Bundesgesundheitsminister Spahn habe „eine Evidenzentscheidung via Bildzeitung“ getroffen: „Das Qualitätsgebot gilt nicht, das Wirtschaftlichkeitsgebot gilt nicht“, monierte Hecken und rechnete vor. Wenn die von Spahn angegebenen 3 Millionen Betroffenen alle eine Liposuktion durchführen lassen würden, entstünden – selbst wenn dann aufgrund hoher Fallzahlen die Kosten je Behandlung auf weniger als ein Viertel reduziert werden könnten – Gesamtkosten für die GKV von 21 Milliarden Euro. Dies entspräche etwa 1,5 Prozentpunkten des Krankenkassenbeitrages.
 
Der Gesundheitskongress des Westens ging am Mittwochnachmittag nach zwei Tagen zu Ende.

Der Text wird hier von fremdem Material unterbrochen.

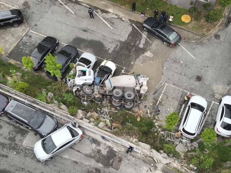 '브레이크 고장' 레미콘, 담벼락 충돌 후 5m 옹벽 아래로 추락…차량 8대 파손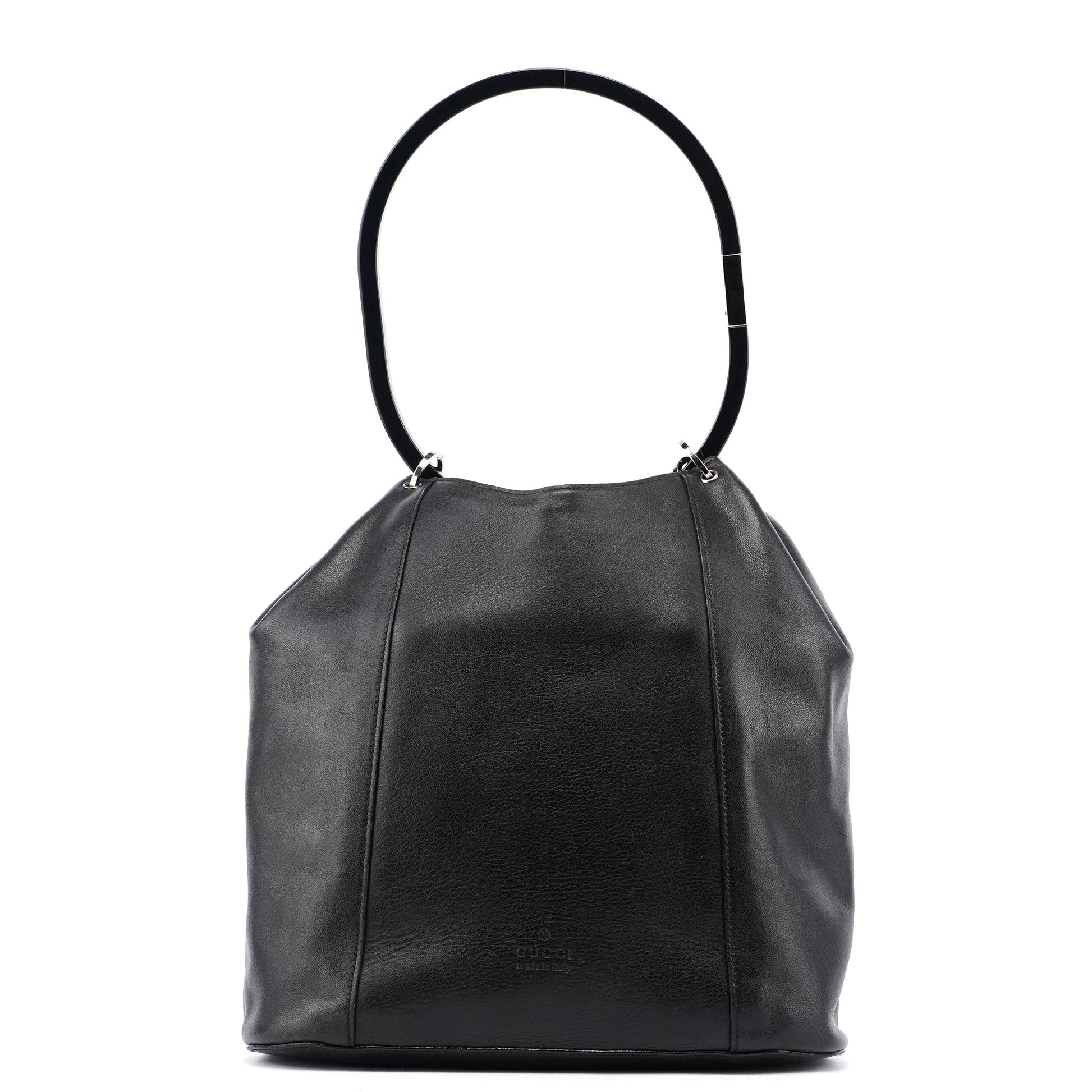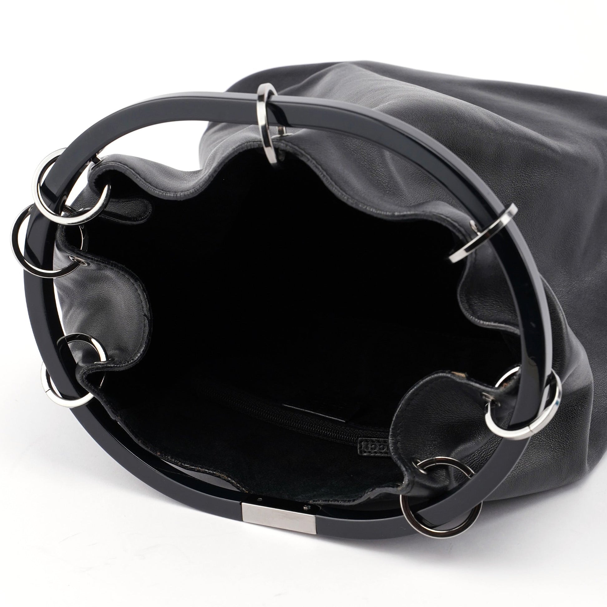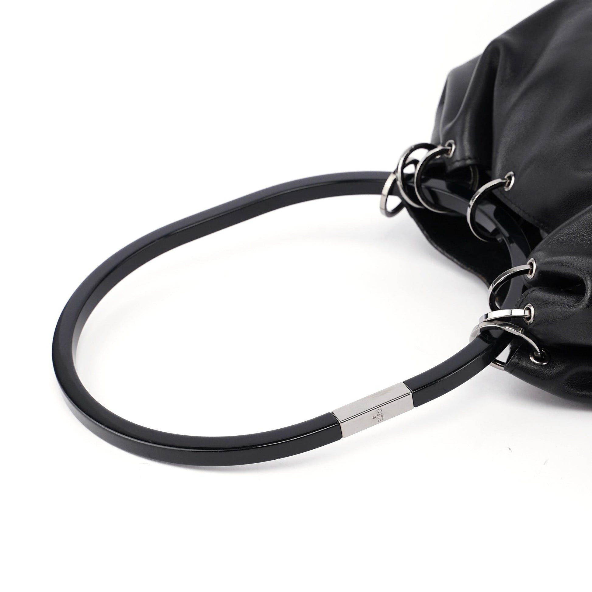 Handcrafted from black calfskin leather, this Gucci Ring bag by Tom Ford from 1999 features silver-tone hardware engraved with the Gucci logo, a plastic handle, and a suede-lined interior with an interior zipper pocket, showcasing timeless elegance.

Über 1.000 Fachbesucher diskutierten in rund 30 Einzelveranstaltungen mit über 120 Referenten Themen aus allen Bereichen von Gesundheitspolitik und Gesundheitswirtschaft. Darunter: Digitale Revolution im Gesundheitswesen, Telemedizin, Krankenhausplanung, sektorübergreifende Versorgung, die Notfallversorgung, Personaluntergrenzen und Fachkraftquoten, die Krise des Belegarztwesens, die Lage der Rehaeinrichtungen und der Fachkräftemangel. Der Gesundheitskongress des Westens ist der führende Kongress für Gesundheitspolitik und Gesundheitswirtschaft im Westen Deutschlands.
 
Der nächste Gesundheitskongress des Westens findet am 10. und 11. März 2020 im Kölner Kongresszentrum Gürzenich statt.